MARKUP AND MARGIN ARE NOT THE SAME NUMBER.
Markup is the percentage added to cost to set a price. Margin is the percentage of revenue that is gross profit. They sound similar. They produce different numbers. A 25% markup on a $100,000 job produces a $125,000 bid. But the gross margin on that job is 20%, not 25%. If you are targeting a 25% gross margin and using 25% markup, you are short on every single job.
This is one of the most expensive math errors in commercial subcontracting. It is also one of the most common. CFOS corrects it in the first 30 days of every engagement and rebuilds estimating from the correct gross margin target.
Markup is calculated on cost. If a job costs $80,000 and you add 25% markup, you get $100,000. Your gross profit is $20,000. But that $20,000 is 20% of the $100,000 revenue — not 25%.
Margin is calculated on revenue. A 25% gross margin on a $100,000 job means $25,000 in gross profit. To get $25,000 in profit on an $80,000 cost job, you need to charge $105,000 — which is a 31.25% markup.
The formula: Markup = Margin divided by (1 minus Margin). To hit 25% margin: 0.25 divided by 0.75 = 33.3% markup. To hit 20% margin: 0.20 divided by 0.80 = 25% markup.
A concrete subcontractor targeting 24% gross margin bids a $300,000 job using 24% markup. They price the job at $372,000. Their gross profit on the job is $72,000 — which is actually 19.4% of $372,000. They are 4.6 points short of target on every job they bid this way.
On $3M in annual revenue, that 4.6-point gap is $138,000 in gross profit that was estimated but never collected. Not lost to cost overruns. Not lost to slow GCs. Lost in the bid math before the job ever started.
Gross margin covers overhead and produces net profit. If you need 14% overhead rate and 8% net profit, you need 22% gross margin minimum. If your estimating is using 22% markup instead of 22% margin, your actual gross margin is 18% — not enough to cover overhead and generate the net profit you need.
This is why contractors who are winning work and staying busy still end up short on cash. The math was wrong from the first bid.
FLAT MONTHLY FEE. NO SURPRISES.
Two tiers based on trailing 12-month revenue. No hourly billing. No payroll. No add-ons.
| Revenue | Core Financial | Executive Financial |
|---|---|---|
| Under $1M | $1,900/mo | $2,900/mo |
| $1M–$3M | $2,600/mo | $3,600/mo |
| $4M–$6M | $3,800/mo | $5,500/mo |
| $7M–$9M | $5,100/mo | $6,900/mo |
| $10M–$12M | $6,100/mo | $8,500/mo |
| $13M+ | Quoted | Quoted |
WHERE THE CONFUSION COSTS MOST BY TRADE.
Concrete: Compounding on Material-Heavy Bids
On material-heavy concrete bids, the markup/margin gap compounds fast: 25% markup on a $800K-cost job yields $200K — which is a 20% margin, not 25%. If the estimator promised the owner 25% margin, the bid is short $66K before mobilization. Material-heavy trades feel the five-point gap in real dollars.

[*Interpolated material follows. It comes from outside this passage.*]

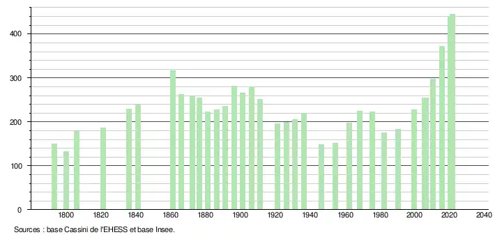 L'évolution du nombre d'habitants est connue à travers les recensements de la population effectués dans la commune depuis 1793. Pour les communes de moins de 10 000 habitants, une enquête de recensement portant sur toute la population est réalisée tous les cinq ans, les populations légales des années intermédiaires étant quant à elles estimées par interpolation ou extrapolation[20]. Pour la commune, le premier recensement exhaustif entrant dans le cadre du nouveau dispositif a été réalisé en 2005[21].

Electrical: Blended Confusion Across Work Types
Electrical subs often markup labor and material at different rates, then report a single blended 'margin' that's actually neither. The honest math prices each work type at a target margin — rough-in, trim, service — and lets markup be whatever the conversion requires. Margin is the goal; markup is just the dial.
Civil & Excavation: Unit-Price Translation
Unit-price civil work hides the confusion inside the rate: a $14/yard cost marked up 30% bids at $18.20 — a 23% margin. Multiply a five-point misunderstanding across 80,000 yards and the job is $56K short of the margin the owner believes it carries. Unit-price trades need the conversion table taped to the estimating desk.
T&M and Service: Rate-Sheet Reality
T&M rate sheets built on markup logic — cost plus 20% — deliver 16.7% margin before unbillable time. Add the utilization gap (techs billable 70% of paid hours) and the realized margin can be single digits while the rate sheet looks healthy. Service trades should build rates from target margin backward, never cost forward.